That may be true in some areas, but Comcast Digital cable sucks here. My D* pic quality is much better than cable......but of course, I can only speak for my situation.


----------



## Bogy (Mar 23, 2002)

missileman said:


> That may be true in some areas, but Comcast Digital cable sucks here. My D* pic quality is much better than cable......but of course, I can only speak for my situation.


That's why I spent a little time in Best Buy today looking at DTV equipment. I'm going to be moving sometime in the near future and I may very well want to go back to DBS. I'm a little surprised at the equipment I saw today. I'm spoiled by the box I got earlier this year. Dual tuner DVR, HDTV, any connection you might need, very nice and fast guide. Like I said, I'm spoiled by a very good cable company.

BTW, I really wasn't even talking about the PQ, although that is also very good here, but simply the boxes available.


----------



## larrystotler (Jun 6, 2004)

Bogy said:


> I can't see why this is so hard. My Motorola DVR provided by Cox Cable has two tuners with one cable. It also is compatible with HDTV, and provides a full array of connection options. I may be going back to DBS in the near future when I move, and I am surprised at how cable seems to have surpassed DBS in its equipment in the past 3 years.


That's because cable works differently than sat. Cable occupies the 40-850Mhz band. Power is supplied at around 14Vs to boost the signal. Sat occupies the 950-1450Mhz band(with E*'s DP adding the 1650-2150Mhz band through stacking).

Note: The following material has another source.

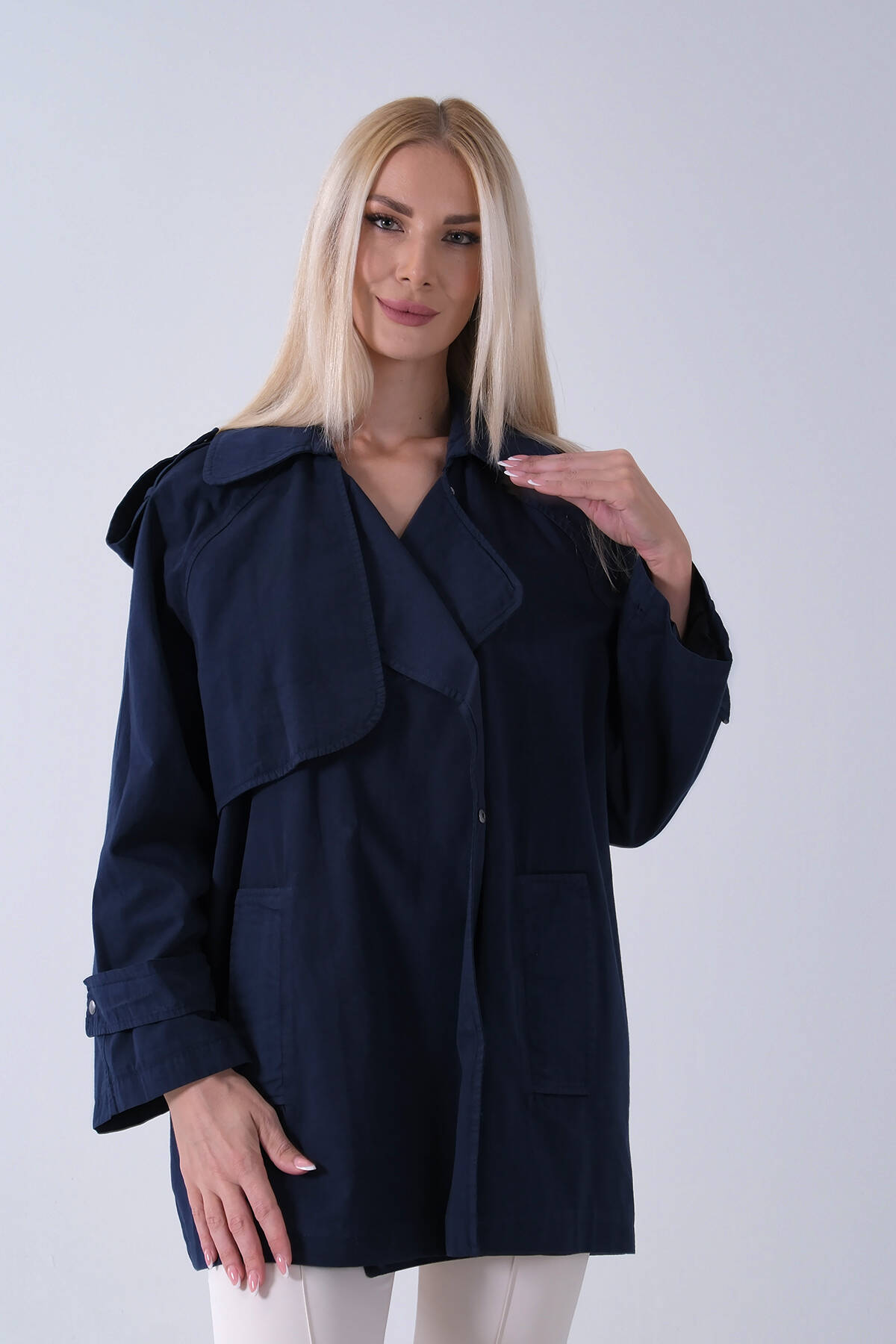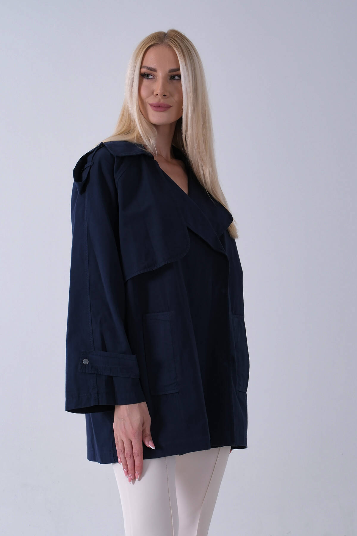 Lacivert Yandan Cepli Omuz Apolet Detaylı Trenç 422234.02

Legacy systems like D* use 2 seperate voltages to send the signal back to the box. The 13V sends the odd trans, and the 18V sends the evens. The sat signals are cirular polarity so that they stack 768Mhz into a 500Mhz band. When you split a sat signal, you have the porblem of a power passing splitter sending back the trans with the higher voltage, and the power blocking one sending back the trans of the passing receiver. That's why it won't work. With E*'s DP, you can split 1 sat location since all the trans come back at the same time, but when you add in multiple locations, you have that problem. It has nothing to do with supassing, but how they implemented their systems. Cable is based on NTSC in some ways, whereas Sat is a completely diffent idea. If D* implemented a stacked LNB like E*'s DP, then you could run a dual tuner DVR on 1 line with a splitter so long as you only needed the 101.

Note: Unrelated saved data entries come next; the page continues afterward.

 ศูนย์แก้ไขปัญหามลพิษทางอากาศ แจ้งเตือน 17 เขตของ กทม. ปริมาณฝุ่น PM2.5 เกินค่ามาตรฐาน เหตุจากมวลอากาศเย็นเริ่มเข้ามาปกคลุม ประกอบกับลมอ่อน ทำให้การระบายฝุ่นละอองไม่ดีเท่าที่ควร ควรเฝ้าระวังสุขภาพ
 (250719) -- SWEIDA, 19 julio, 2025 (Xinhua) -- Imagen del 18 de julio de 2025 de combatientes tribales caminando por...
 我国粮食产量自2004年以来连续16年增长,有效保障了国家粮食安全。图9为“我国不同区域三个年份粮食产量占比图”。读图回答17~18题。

Side note: DP+ - E* furthered the band stacking situation to created band translating. This basically makes the 1 tuner use the 950-1450Mhz band similar to a legacy LNB and the second tuner to use the 1650-2150Mhz band. The DP+ Seperator sends the appropriate signal to each tuner. This allow 1 cable with multiple sat locations. The only receivers this works with are the 322/522/721/921 tho. It does not work with any other E* receiver. However, this could be further expanded so that the DP+ Seperator could take the 1650-2150Mhz band and output it to the reciever at 950-1450Mhz, but it would require a lot more logic in the seperator than what they are using now.

Hope this helps.


----------



## Bogy (Mar 23, 2002)

Thanks Larry, that's an answer to one question.


----------